======== Given data

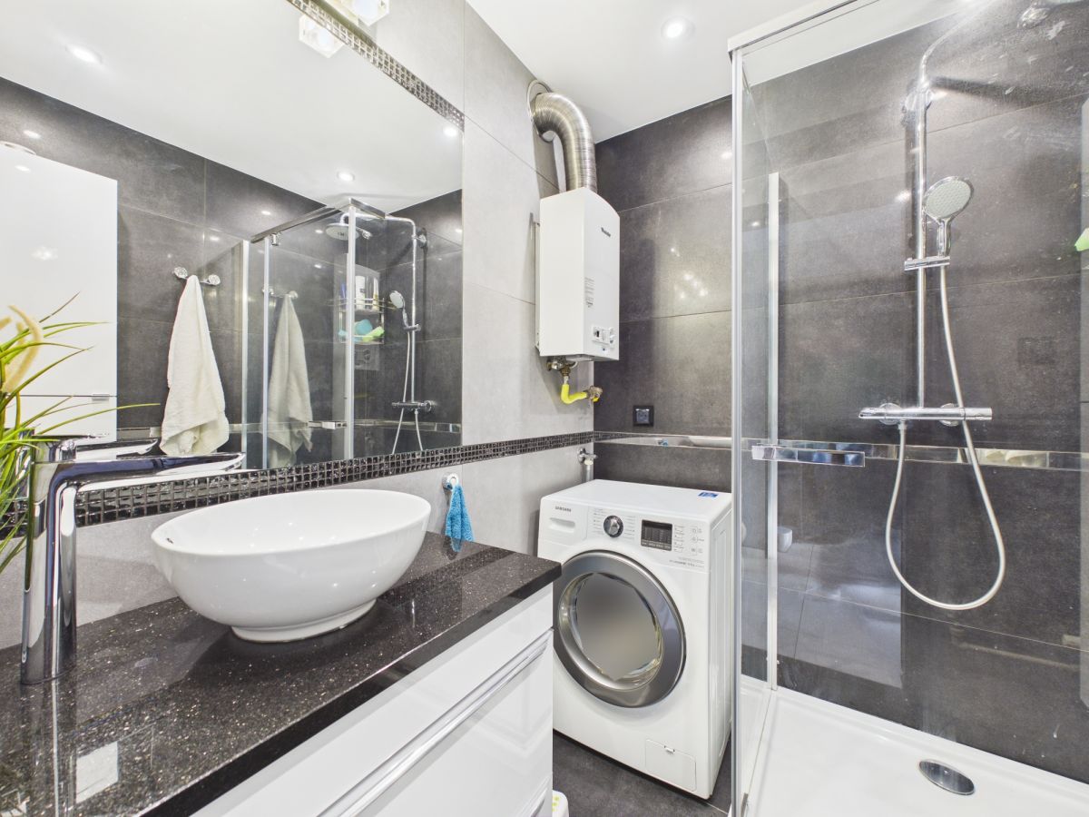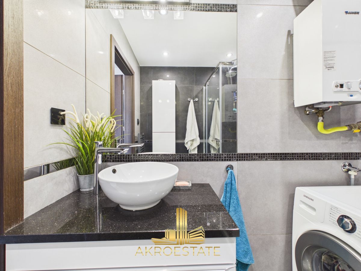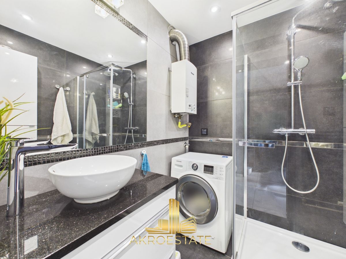 - łazienka z eleganckim blatem z granitu Star Galaxy (3 cm) oraz wygodnym prysznicem 80 × 100 cm,
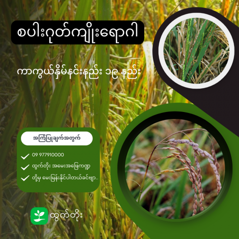 - စပါးတွင် အဓိကကျရောက်သည့် ရောဂါဖြစ်သည်။ မှိုကြောင့်ဖြစ်ပြီး ပင်ပွားစည်းချိန်တွင် အရွက်၊ ပင်စည် နှင့် ပန်းပွင့်များတွင် ကျရောက်ပြီး စပါးအထွက်ကို လျှော့စေပါသည်။
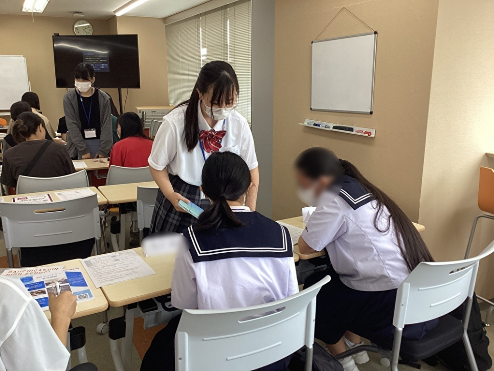 別教室に移動した後、中学生は一人一人につくピアサポーター(在校生)と一緒に行動します。
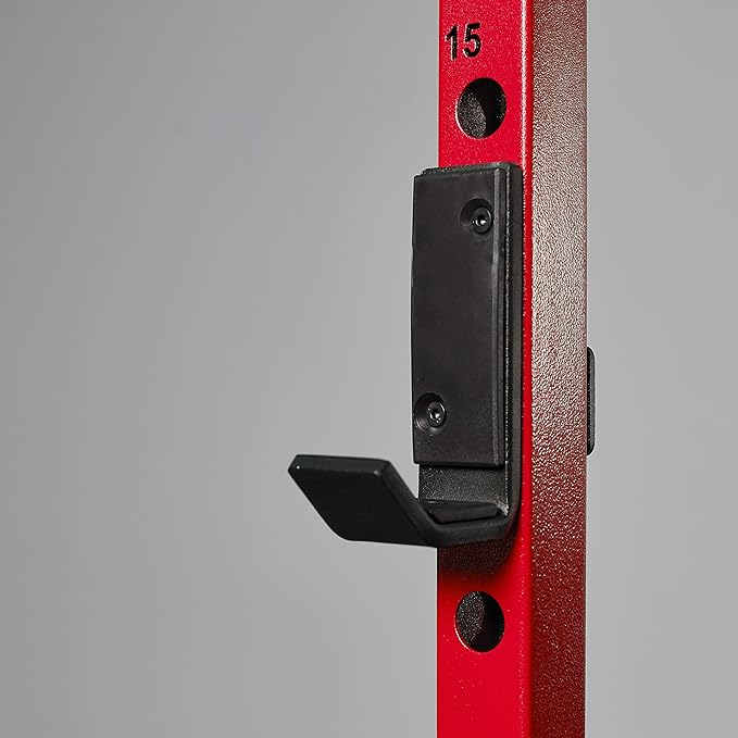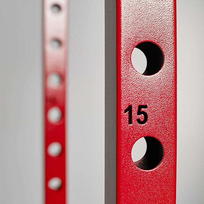 - WHAT’S INCLUDED: One Red PR-1100 power rack. Each weight cage comes with an integrated pullup bar, (2) j-cups, and (2) full length safety bars.

================

| Task objective |
Copy all the material word for word, minus its pictures.

| Response |
 - łazienka z eleganckim blatem z granitu Star Galaxy (3 cm) oraz wygodnym prysznicem 80 × 100 cm,
 - စပါးတွင် အဓိကကျရောက်သည့် ရောဂါဖြစ်သည်။ မှိုကြောင့်ဖြစ်ပြီး ပင်ပွားစည်းချိန်တွင် အရွက်၊ ပင်စည် နှင့် ပန်းပွင့်များတွင် ကျရောက်ပြီး စပါးအထွက်ကို လျှော့စေပါသည်။
 別教室に移動した後、中学生は一人一人につくピアサポーター(在校生)と一緒に行動します。
 - WHAT’S INCLUDED: One Red PR-1100 power rack. Each weight cage comes with an integrated pullup bar, (2) j-cups, and (2) full length safety bars.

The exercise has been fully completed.